Task brief → In the data below, find the line containing "要吹就吹到底。帕金斯最近又在", then set down that line and every later line up to and including the line containing "Jael Unger lee", exactly.

Supplied material →
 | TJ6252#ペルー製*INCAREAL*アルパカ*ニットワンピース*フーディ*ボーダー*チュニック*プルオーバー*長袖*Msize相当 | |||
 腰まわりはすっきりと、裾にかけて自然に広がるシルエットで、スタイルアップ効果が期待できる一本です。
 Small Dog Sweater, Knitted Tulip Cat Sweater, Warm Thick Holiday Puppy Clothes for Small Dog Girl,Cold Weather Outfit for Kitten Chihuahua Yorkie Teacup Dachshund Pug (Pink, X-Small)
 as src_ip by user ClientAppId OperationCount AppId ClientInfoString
--
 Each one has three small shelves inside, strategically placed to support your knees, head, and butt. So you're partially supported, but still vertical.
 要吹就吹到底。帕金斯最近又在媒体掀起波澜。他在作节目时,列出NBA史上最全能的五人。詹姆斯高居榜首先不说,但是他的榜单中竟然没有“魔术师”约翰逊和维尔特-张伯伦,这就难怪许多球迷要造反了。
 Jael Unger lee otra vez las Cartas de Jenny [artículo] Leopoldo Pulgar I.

Response to this exercise →
 要吹就吹到底。帕金斯最近又在媒体掀起波澜。他在作节目时,列出NBA史上最全能的五人。詹姆斯高居榜首先不说,但是他的榜单中竟然没有“魔术师”约翰逊和维尔特-张伯伦,这就难怪许多球迷要造反了。
 Jael Unger lee otra vez las Cartas de Jenny [artículo] Leopoldo Pulgar I.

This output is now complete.